But most schools, even those in the high-profile conferences, have to spend countless hours trying to mix and match games that work.
Even Kansas has had quite a time trying to fill its home-and-home slate, finally locking in with an old rival in Colorado for a series.
Xavier athletic director Mike Bobinski, who is the 2013 chair of the men's basketball selection committee, said that 10-member group is always looking for teams that play challenging nonconference schedules.
But each team is judged independently, so a game against a nonconference opponent that you can control is judged just like a conference game that is out of your control. Each school can be at the mercy of how a team performs in a game they scheduled and one they did not.
"You define your schedule and you can increase or decrease the margin of error,'' Bobinski said. "Maybe that's one tough game, or two, that's fine, that's your choice. The entire field is a list of potential tournament teams, and we look at that and judge how serious you are.
"One of the differentiators is the willingness to go play true road games. That clearly causes your schedule to be different. That clearly sets you apart. Some will do it and some won't.''
To be fair, some simply cannot get teams to come to their home court. Utah State's Stew Morrill has been much maligned for his scheduling and his denial of playing one-way guaranteed games just to get a good name on the slate. He finally relented and went to Georgetown two years ago. But getting significant teams to play in Logan, Utah, is nearly impossible.
"Neutrals are good for the game and provide matchups that may not happen,'' Bobinski said. "As long as we get them on the court, that gives the committee a chance to see how the team stacks up and evaluate them.''
We would have won that national championship. I'm convinced of it. Would you rather I play games home-and-home or get this team ready for the NCAA tournament? You can't tell me to do both. It's one or the other.” -- Kentucky coach John Calipari
Some schools have recognized that they're in a similar lot. Cincinnati and New Mexico did this spring, seeing the need that they each had to play a quality game. They signed up for a home-and-home series.
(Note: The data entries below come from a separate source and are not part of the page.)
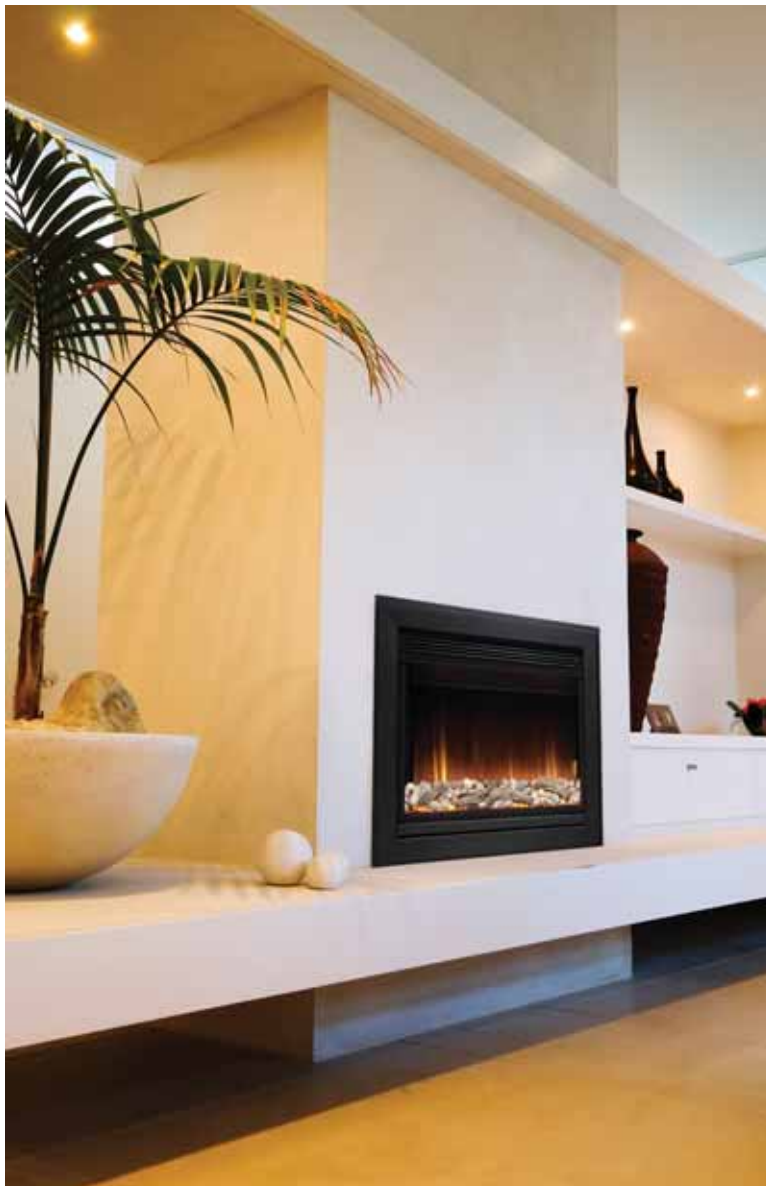
511-R + 811FBS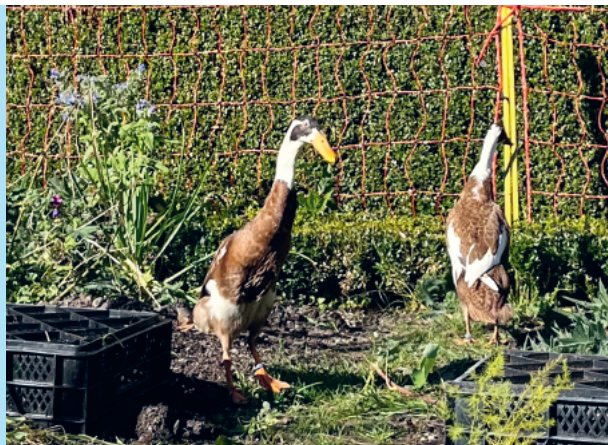
Die Laufenten «Krethi und Plethi» im Schlossgarten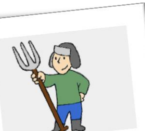
MASZYNY I NARZĘDZIA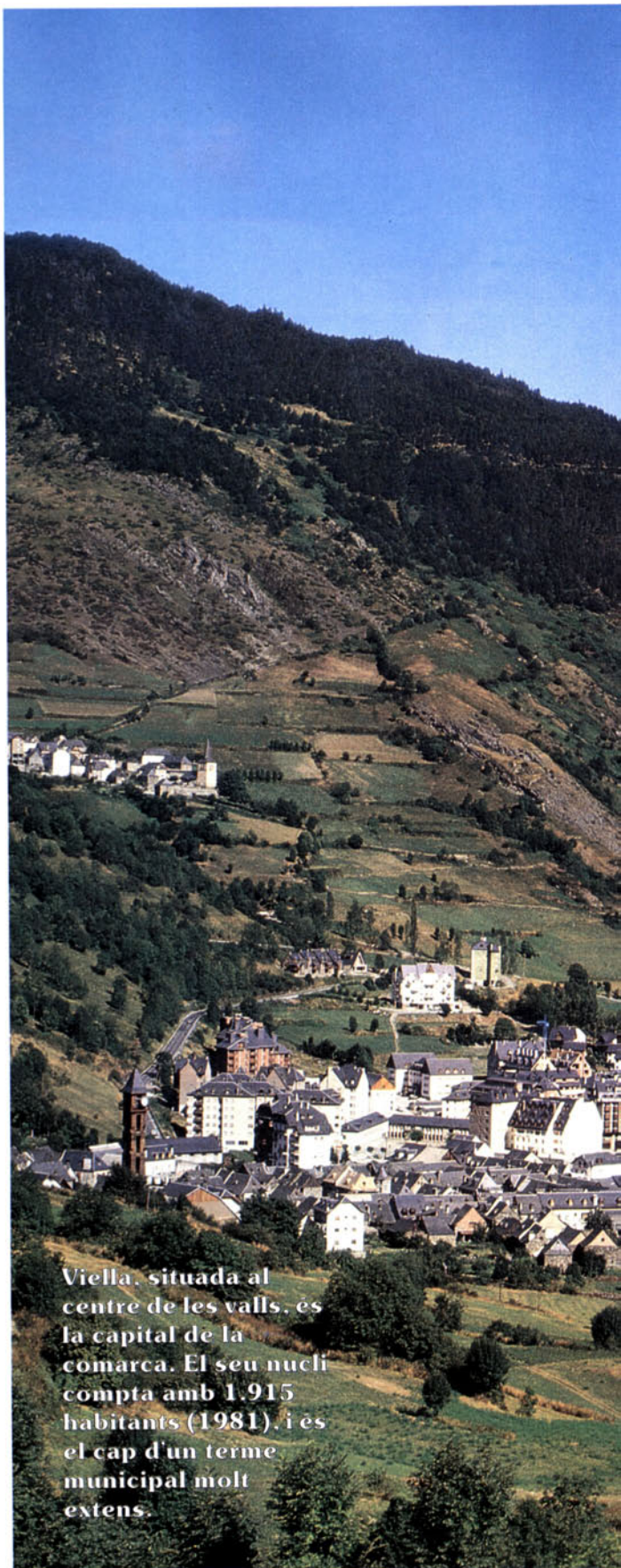
Viella, situada al centre de les valls, és la capital de la comarca. El seu nucli compta amb 1.915 habitants (1981), i és el cap d'un terme municipal molt extens.

L'explicació bàsica d'aquest redreç en la situació demogràfica aranesa rau en el desenvolupament recent del turisme, que ha transformat totes les seves estructures socials i econòmiques. La Vall d'Aran era una comarca desenclavada de Catalunya, amb la qual era difícilment comunicada, sobretot durant l'hivern, cosa que li valgué una sèrie de règims especials durant la major part de la seva història. Aquest fet fou reforçat ja que la comarca era alhora contrada fronterera amb l'estat francès, d'on venien tradicionalment la major part dels perills. Aquest desenclavament permeté també curiosament la perduració de l'economia tradicional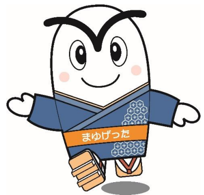
結城市マスコットキャラクター 「まゆげった」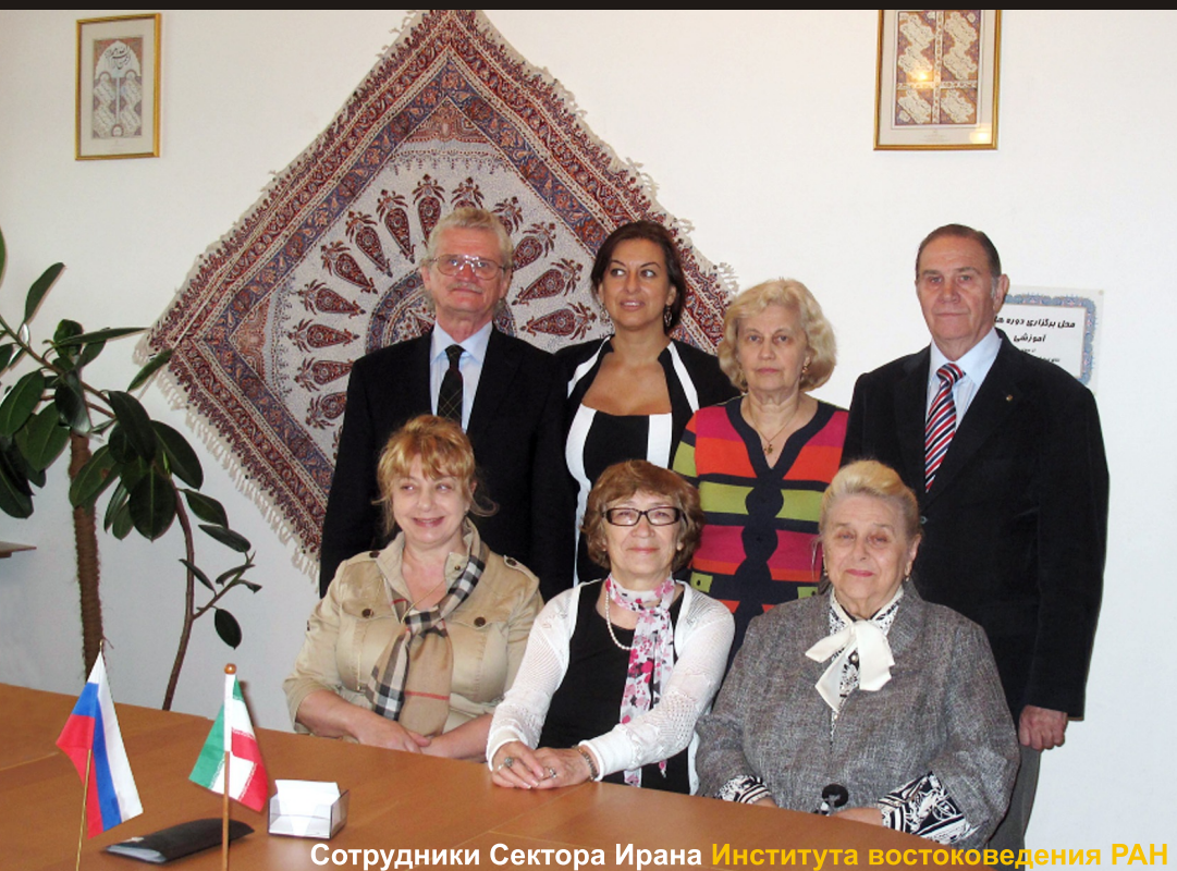
Сотрудники Сектора Ирана Института востоковедения РАН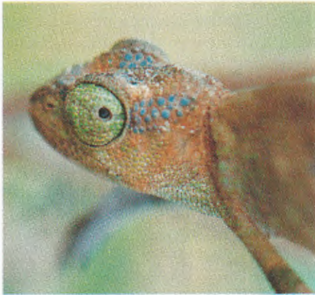
Abb. 5. Portrait eines weiblichen Bradypodion oxyrhinum .

Das Weibchen ist unscheinbarer gefärbt. Seine Grundfarbe ist grau bis bräunlich. Im Schnauzenbereich sind viele Schuppen kräftig blau bis türkis gefärbt (Abb. 5). Das Augenlid ist grün, auf dem Helm konzentrieren sich unregelmäßige blaue Punkte. Diese treten dann auch noch vereinzelt am restlichen Körper auf. In der Lendengegend kann man konzentrierter grüne Schuppen sehen.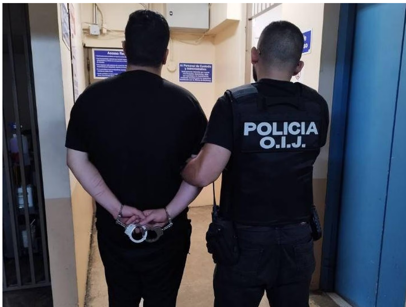
El hombre de apellidos Martínez Varela pasará dos meses preso.

Los hechos fueron denunciados el jueves pasado por la madre de la víctima quien, recientemente, se convirtió en mayor de edad. Pero el caso, aparentemente, empezó desde octubre del 2022 cuando la muchacha tenía 15 años.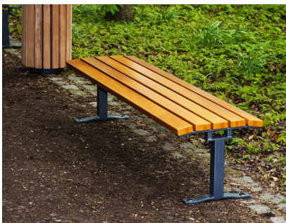
Artikel-Nr. 20 05 30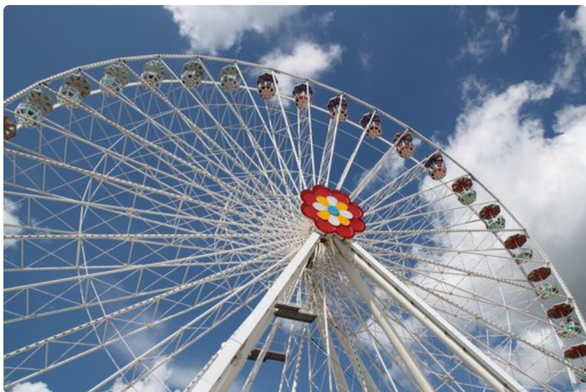
Praterin huvipuistossa asiakkaiden käytössä on sekä aivan uusia että reilut sata vuotta vanhoja maailmanpyöriä.

"Getting a home-and-home against a Top 25 team is hard to do,'' said Cincinnati coach Mick Cronin. "They're a lot like us. Teams are not beating down the door to play them because of recent success. So you search for someone in the same boat as you.''
Notre Dame coach Mike Brey has a formula that he's stuck to lately. The Irish are always in some sort of tournament and now have the Crossroads Classic with Purdue, Indiana and Butler for the next three years. They also have the SEC/Big East Challenge each season.
"Because of the power of our league, we always feel we can play our way in through the league,'' Brey said. "We play four power games, and we're always in an exempt tournament.''
The Big East provides an interesting cross section because there are so many different agendas and opportunities from top to bottom. Losing Syracuse and Pitt and adding SMU, Houston, Central Florida, Temple and Memphis will offer even more diversity of scheduling since each school has various levels of interest. Memphis can pay for guarantee games and is an attractive home-and-home school with some natural rivals. Temple can play schools regionally and has the Philadelphia draw for recruiting. But the other three may struggle and have in getting quality nonconference games.
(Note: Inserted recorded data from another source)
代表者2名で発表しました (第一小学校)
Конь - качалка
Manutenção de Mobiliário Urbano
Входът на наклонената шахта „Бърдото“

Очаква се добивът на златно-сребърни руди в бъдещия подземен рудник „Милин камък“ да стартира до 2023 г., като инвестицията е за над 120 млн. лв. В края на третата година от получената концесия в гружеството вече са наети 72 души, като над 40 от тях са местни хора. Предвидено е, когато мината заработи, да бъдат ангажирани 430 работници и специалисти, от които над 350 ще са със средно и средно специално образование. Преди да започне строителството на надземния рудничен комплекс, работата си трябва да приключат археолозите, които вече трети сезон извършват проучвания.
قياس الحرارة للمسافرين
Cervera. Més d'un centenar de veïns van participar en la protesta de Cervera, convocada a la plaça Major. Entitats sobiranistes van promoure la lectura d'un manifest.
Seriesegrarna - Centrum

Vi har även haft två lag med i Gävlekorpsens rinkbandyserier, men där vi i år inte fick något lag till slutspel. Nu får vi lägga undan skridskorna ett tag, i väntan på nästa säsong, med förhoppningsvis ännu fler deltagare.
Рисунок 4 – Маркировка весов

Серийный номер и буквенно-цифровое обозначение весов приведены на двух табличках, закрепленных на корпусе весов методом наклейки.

South Florida coach Stan Heath said scheduling is a lot harder than anyone imagines. He needs the SEC/Big East Challenge to lock in what he hopes is a quality game and is searching for another similar opponent in a high-profile conference. He said he's trying to get a home-and-home with Oklahoma State out of the Big 12. He's also looking for a home-and-home with Detroit out of the Horizon, something most Big East schools wouldn't have to do.
Programs like Marquette and Syracuse wouldn't return a game to Detroit but could get the Titans to come to them without a return because of the ability to pay more in guaranteed money and the chance it can get a better television window.
Marshall coach Tom Herrion has been scouting the power rankings to look for quality opponents. The Thundering Herd are fortunate that they get a high-profile game on a neutral court every season against West Virginia, formerly of the Big East and now of the Big 12. A year ago, Marshall got Cincinnati in a game and won on the road.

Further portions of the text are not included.